Bix thought he felt an answering call from deep inside Carin’s mind, but it faded to nothingness. He looked up and saw the doctor injecting pain medicine into her IV. If she had been close to consciousness, she wouldn’t be in about six seconds. After all, vampire pharmaceuticals were the best.

He lay next to her wishing he could will her awake just to look into her soulful brown eyes, but she needed sleep to recover. Though they were both naked under the covers, he was reluctant to touch her again now that he understood the extent of her injuries. Easing away from her battered body, he carefully left the bed. He didn’t want her out of his sight, but she’d be knocked out from the pain meds for several hours. If he was going to answer the Council’s summons, now was as good a time as any.
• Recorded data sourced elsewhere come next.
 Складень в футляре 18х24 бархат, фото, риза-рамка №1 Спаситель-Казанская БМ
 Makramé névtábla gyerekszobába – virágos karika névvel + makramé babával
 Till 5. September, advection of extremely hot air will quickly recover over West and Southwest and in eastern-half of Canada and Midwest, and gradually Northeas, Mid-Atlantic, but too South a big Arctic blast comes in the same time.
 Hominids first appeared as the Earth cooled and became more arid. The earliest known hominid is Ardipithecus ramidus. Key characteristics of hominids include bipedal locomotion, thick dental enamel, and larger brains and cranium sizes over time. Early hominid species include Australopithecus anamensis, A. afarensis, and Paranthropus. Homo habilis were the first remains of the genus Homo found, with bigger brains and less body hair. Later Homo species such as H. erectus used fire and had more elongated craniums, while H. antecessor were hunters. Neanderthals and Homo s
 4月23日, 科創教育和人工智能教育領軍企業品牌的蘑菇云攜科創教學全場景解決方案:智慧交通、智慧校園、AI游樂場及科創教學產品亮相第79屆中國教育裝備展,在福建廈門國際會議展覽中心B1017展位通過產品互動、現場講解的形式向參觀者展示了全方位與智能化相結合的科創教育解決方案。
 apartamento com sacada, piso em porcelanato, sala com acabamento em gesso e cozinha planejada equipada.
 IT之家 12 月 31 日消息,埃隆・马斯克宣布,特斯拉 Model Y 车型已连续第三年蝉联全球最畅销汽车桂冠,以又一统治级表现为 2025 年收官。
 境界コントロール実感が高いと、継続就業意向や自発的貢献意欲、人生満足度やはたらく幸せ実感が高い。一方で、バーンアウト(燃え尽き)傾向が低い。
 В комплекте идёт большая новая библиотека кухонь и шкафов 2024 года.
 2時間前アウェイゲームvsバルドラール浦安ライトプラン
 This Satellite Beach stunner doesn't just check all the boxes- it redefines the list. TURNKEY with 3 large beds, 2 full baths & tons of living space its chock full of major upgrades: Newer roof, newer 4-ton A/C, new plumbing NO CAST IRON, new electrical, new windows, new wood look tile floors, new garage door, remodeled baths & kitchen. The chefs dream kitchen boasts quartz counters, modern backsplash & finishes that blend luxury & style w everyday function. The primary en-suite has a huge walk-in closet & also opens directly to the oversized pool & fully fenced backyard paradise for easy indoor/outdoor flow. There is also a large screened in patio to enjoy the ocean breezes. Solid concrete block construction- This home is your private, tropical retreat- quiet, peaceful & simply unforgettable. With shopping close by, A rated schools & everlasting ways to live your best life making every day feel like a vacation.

He showered in record time, threw on a pair of jeans and a black T-shirt, padded into the living room in bare feet, and eased the bedroom door closed behind him. His boots, filthy with caked-on blood and dirt, were in the same corner he’d kicked them into in the dark hours of the morning while the surgeons had worked on Carin right there in his apartment. Passing up the boots for a pair of comfortable sneakers, he slipped a warm sweatshirt over his head and strode out of his apartment. Two steps into the hallway, he stopped short. Alaan was waiting. They clasped hands but said nothing. The two of them hit the end of the hallway with long strides and descended the wide, cedar-planked staircase, headed for the Council Chambers on the first floor of the sprawling rustic mansion.

“Jon, wait.”

Damn it.
“Natasha, I can’t talk to you right now.”

“But why did you bring that woman here?”

“I don’t believe it’s any of your business,” Bix snapped impatiently. “But since you’re are a Council’s Liaison, I’ll indulge you just this once. The woman is Dr. Carinian Derrickson.”

“Your target?”

“The same. And she’s mine.”

“What? You’re claiming your target? How dare you bring her here.” Natasha’s long black hair swung from side to side as she spewed bitter displeasure.

She jumped when Bix’s hand shot out and grabbed Alaan’s arm, holding him back. Fangs bared on a snarl, his partner promptly put the female in her place.

“You will not address a prime or a Seeker in that tone, woman,” Alaan hissed.

Natasha took a step back, the shock on her face as easy to read as an open book. In fact, Bix was a bit surprised himself. He couldn’t recall Alaan or himself this worked up over a woman. Any woman, except Sher. The sounds emanating from both their throats brought a picture to mind—feline males fighting to protect their territory and their females. The truth hit him square in the gut. In no time, Carin had them wrapped around her little finger. And Bix didn’t want to be wrapped any other way.

Natasha lowered her head in deference to the prime males standing before her. She located an interesting spot on her shoe to study. But it wasn’t good enough. He expected, and would have, her submission. Council Liaison or not, she was subordinate to him and every other elder prime’s authority. Only the females of Clan Serati were immune, but even those warrior women showed proper respect to their males.

Bix crossed his arms over his chest and stared at her. Hard. She’d let her mouth get away from her, and now she had to eat crow for it.

“I am waiting, Natasha.”

“I apologize, prime male Jon Bixler, prime male Alaan Serati,” she mumbled the proper and formal apology.

Bix felt her anger pulse and grow like a psychic cancer as she turned and slunk away. He had a feeling he hadn’t heard the end of this. Damned female.

 

 

Several hours later, Carin hovered on the edge of consciousness. Muzzy brained, she was sure her body was mired under several layers of wet blankets. She didn’t open her eyes, but knew something or someone was in the room with her. Something malevolent, evil. Something that wished she’d never wake up. Forcing the cotton from her mind, Carin willed the gears in her brain to start turning a bit faster. She had to wake up. She just had to.